There is a real reason for this. For the major part of this twenty-eight minute album Infested Blood DOES NOT PLAY IN A TIME SIGNATURE. I'm not saying they change the meter a lot---a hundred wanker tech bands I dislike do that---I am saying that for most of this punishing album, THERE IS NO METER. You cannot count the beats or even the time changes, because there is no beat underneath this whirling assault for you to count. They are bananas.

Interplanar Assault is a fast and frantic event of syncopation, airborne riffs and mania. Shit just happens all over the place, loudly and angrily, and you can't stop it. Irregular riff fragments and long, winding hooks fly into the vacuum and the drummer accents things---lots of things, since ALMOST ALL OF THE ALBUM IS ACCENTS. While this alien (or telepathic?) shredding and pummeling occurs, some guy gurgles and grunts whenever the hell wants to. Why not?

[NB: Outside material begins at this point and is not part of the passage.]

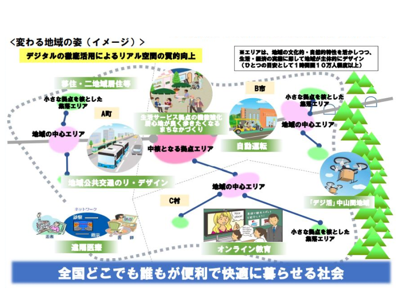 “地域生活圏”とは、通常の日常生活に必要なサービス、例えば地域交通、バスやタクシー、ライドシェアなどの移動周り、医療や福祉、学びといった暮らしに関わるサービスが過不足なく提供される地域を指す。人口減少社会において、上記3つのポイントを兼ね備えた地域生活圏は、人口10万人程度以上が目安だという。デジタルも活用すれば、例えば5万人の圏域でも、日常生活のサービスを十分維持できるとされる。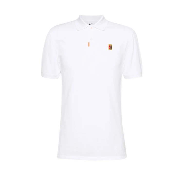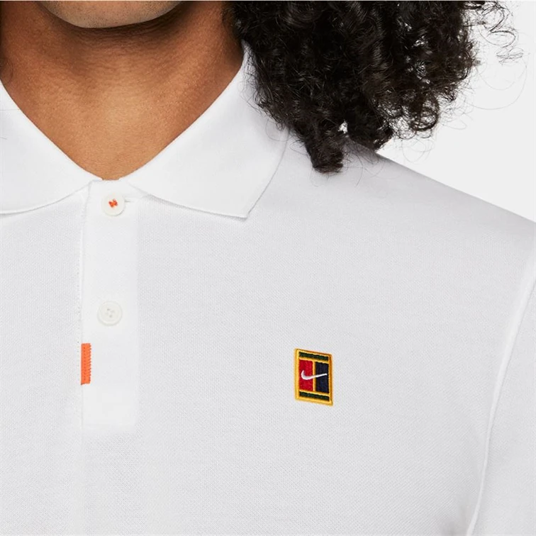 The Nike Heritage Men’s Slim-Fit White Polo sports a subtle orange label on the placket, an orange thread on the top button, and of course, the heritage NikeCourt logo on the breast, giving it a low-key dash of colour.

So the reason I will only give this wild and brutal release an above-average recommendation is that it is a thing to witness and marvel at--truly--but it is such an unrelenting assault, such a maniacal beatdownclusterfuck, that I doubt I will ever really enjoy it. And since it is ten-to-the-tenth-power of too much, it gets a bit monotonous after about four songs of chopped riffs, pounding accents and velocity cranking: Rarely does the listener get much in the way of culmination moments or gratification.

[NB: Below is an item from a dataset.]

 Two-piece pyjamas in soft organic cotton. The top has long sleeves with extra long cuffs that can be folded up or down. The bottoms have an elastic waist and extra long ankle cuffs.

Interplanar Decimation is extreme by even the most extreme standards, a punishing, jackhammer assault in 360 degrees that shows that the members of Infested Blood have a shared madness...

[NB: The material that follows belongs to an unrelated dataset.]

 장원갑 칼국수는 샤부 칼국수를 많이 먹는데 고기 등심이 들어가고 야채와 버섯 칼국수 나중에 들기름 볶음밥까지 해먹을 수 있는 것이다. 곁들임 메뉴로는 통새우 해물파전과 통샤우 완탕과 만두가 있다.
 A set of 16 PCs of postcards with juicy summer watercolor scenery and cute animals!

Infested Blood - Interplanar decimation - 75%

Phuling, June 19th, 2010

I really didn’t like Infested Blood’s previous album Tribute to apocalypse, and I believe I referred to it as “decent suckiness”. And so I wasn’t exactly eager to hear the follow-up, last year’s Interplanar decimation. Although I had read it to be much better than its predecessor I still couldn’t be convinced to even remotely look forward to another go with this Brazilian act. But not only have they fully plunged into sci-fi themes, and left the gory glory behind, they’ve really grown into a force to be reckoned with.

While the production isn’t top notch it’s without a doubt acceptable in means of letting the music show off its qualities. Riff-wise it’s all out technical, and you’ll be hard up trying to spot five seconds that doesn’t have at least one riff variation or tempo change. There are tons of tempo changes, often in a frantic stop and go action that gives the tunes a sense of desperation, in lack of a better word. If the riffing was an entity it would be a truly tormented one, desperately trying to break out into full blown chaos and engulf the world in flaming turmoil. As far as the drumming goes it’s a nonstop, full on stampede of blast beats, but still with a buttload of tempo changes and varying drum patterns. And as the drummer’s busy with blasting, the riffs on the other hand can take on an entirely different tempo. Sure, it’s fast and technical, but set in a more chugging pace instead of the frenzied one the drums take on. But during most of the breaks (one can’t call it breakdowns, seeing as it’s only half a second long most of the time) the guitar and drums meet for a short visit before it takes off again.

It winds up somewhere in between Deeds of Flesh, Decapitation and Origin, but with a slightly harsher and more brutal approach giving it a hint of Amputated Genitals as well as Visceral Bleeding and such similar acts. But not only the music carry those ultra-brutal tendencies, but the vocals as well. The deep, gory and grunting growls are far from the ordinary growls you’ll find in death metal, but that of the most brutal variant. I gotta say, Infested Blood took me completely by surprise here. This tight and technical execution has definitely set them down the right path.